*DATA FOR REVIEW:*
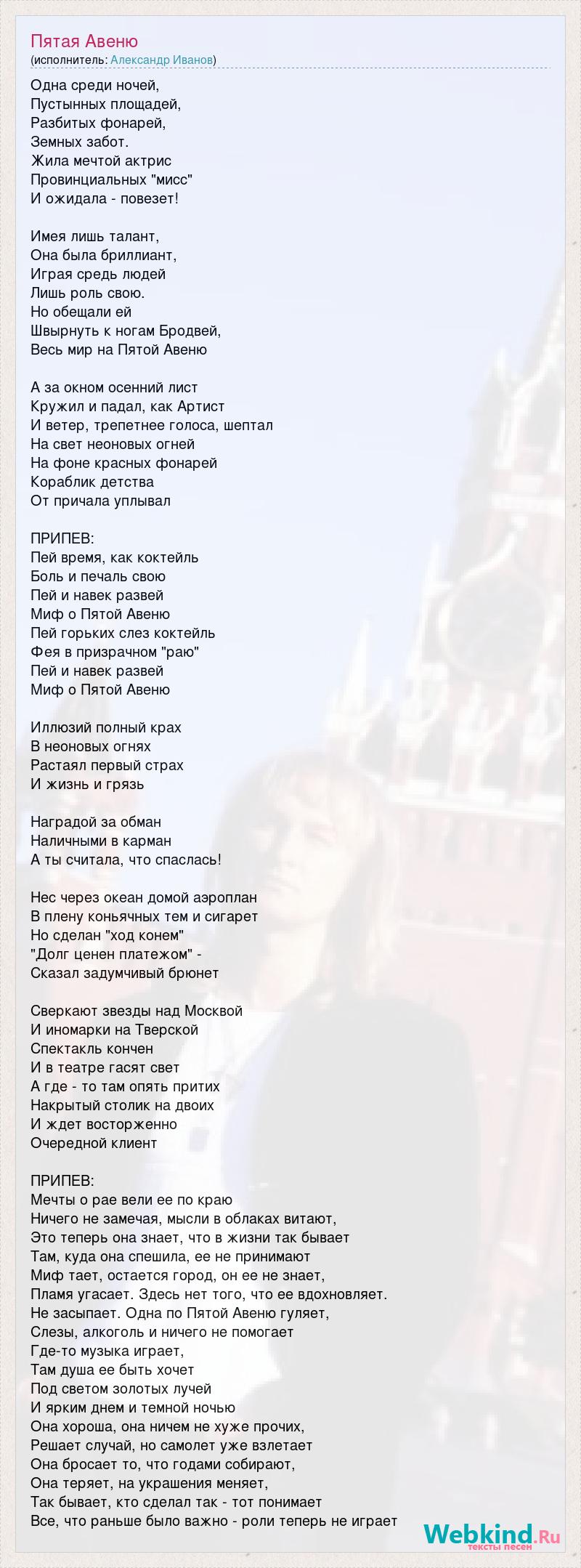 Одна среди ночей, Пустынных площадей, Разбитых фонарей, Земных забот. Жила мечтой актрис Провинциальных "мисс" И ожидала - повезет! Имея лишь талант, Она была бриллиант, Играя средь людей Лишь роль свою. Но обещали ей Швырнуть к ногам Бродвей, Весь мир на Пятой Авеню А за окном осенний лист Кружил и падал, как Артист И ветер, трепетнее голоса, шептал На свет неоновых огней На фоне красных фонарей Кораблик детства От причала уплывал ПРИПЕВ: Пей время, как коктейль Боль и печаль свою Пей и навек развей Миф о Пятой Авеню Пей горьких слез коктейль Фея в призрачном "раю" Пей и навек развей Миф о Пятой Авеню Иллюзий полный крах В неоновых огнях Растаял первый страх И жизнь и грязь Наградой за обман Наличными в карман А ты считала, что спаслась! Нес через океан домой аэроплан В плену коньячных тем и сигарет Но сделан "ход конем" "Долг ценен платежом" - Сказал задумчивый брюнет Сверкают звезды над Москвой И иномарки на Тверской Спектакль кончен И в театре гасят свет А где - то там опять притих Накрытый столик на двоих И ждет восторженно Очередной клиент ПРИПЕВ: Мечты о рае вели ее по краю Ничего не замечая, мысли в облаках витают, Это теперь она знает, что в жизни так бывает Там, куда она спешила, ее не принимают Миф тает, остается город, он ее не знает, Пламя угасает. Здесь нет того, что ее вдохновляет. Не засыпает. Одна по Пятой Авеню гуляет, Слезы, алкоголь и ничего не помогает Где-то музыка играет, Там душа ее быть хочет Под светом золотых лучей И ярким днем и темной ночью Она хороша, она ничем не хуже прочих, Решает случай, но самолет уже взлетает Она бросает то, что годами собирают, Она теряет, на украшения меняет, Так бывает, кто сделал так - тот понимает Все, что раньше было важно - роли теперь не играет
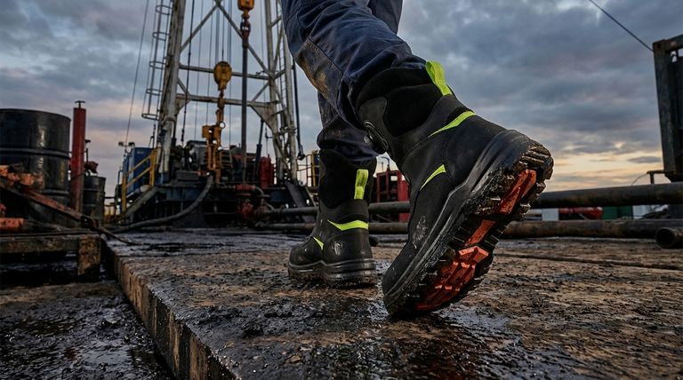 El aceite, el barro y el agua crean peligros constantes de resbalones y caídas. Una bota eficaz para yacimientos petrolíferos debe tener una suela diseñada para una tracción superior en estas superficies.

--

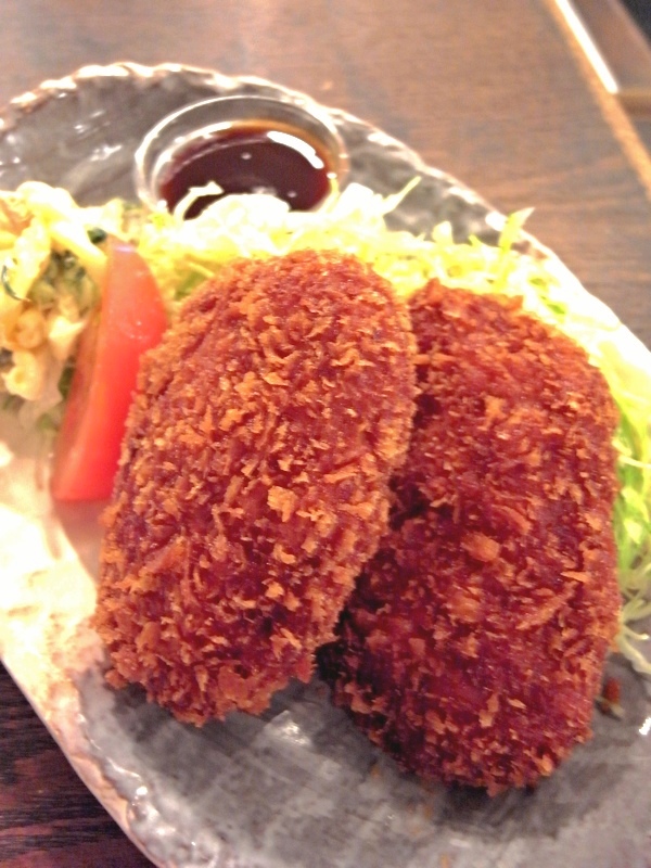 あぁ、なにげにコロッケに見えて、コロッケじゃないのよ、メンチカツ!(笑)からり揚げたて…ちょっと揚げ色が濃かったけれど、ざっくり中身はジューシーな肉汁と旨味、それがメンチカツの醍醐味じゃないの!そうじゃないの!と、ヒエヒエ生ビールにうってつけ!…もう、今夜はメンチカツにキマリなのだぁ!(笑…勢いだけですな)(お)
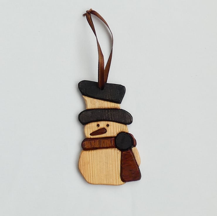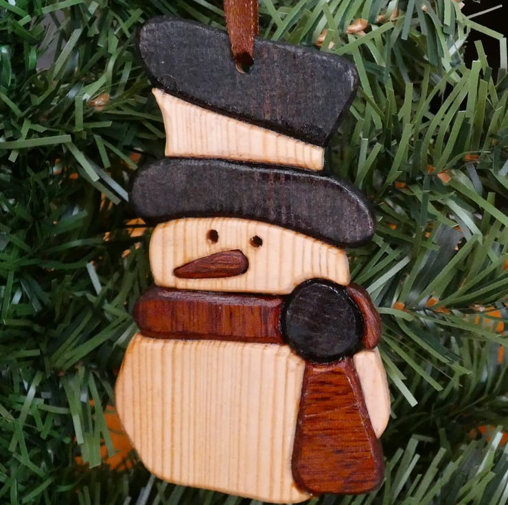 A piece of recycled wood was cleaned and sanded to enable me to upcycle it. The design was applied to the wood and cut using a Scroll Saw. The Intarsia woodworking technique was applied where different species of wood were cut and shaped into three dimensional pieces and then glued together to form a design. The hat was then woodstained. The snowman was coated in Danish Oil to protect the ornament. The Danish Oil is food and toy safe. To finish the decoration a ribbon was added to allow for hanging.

*WORK INSTRUCTION:* Within the listing above, extract exactly the lines that run from the one containing "あぁ、なにげにコロッケに見え" through the one containing "A piece of recycled", excluding any pictures.

*EXERCISE SOLUTION:*
 あぁ、なにげにコロッケに見えて、コロッケじゃないのよ、メンチカツ!(笑)からり揚げたて…ちょっと揚げ色が濃かったけれど、ざっくり中身はジューシーな肉汁と旨味、それがメンチカツの醍醐味じゃないの!そうじゃないの!と、ヒエヒエ生ビールにうってつけ!…もう、今夜はメンチカツにキマリなのだぁ!(笑…勢いだけですな)(お)
 A piece of recycled wood was cleaned and sanded to enable me to upcycle it. The design was applied to the wood and cut using a Scroll Saw. The Intarsia woodworking technique was applied where different species of wood were cut and shaped into three dimensional pieces and then glued together to form a design. The hat was then woodstained. The snowman was coated in Danish Oil to protect the ornament. The Danish Oil is food and toy safe. To finish the decoration a ribbon was added to allow for hanging.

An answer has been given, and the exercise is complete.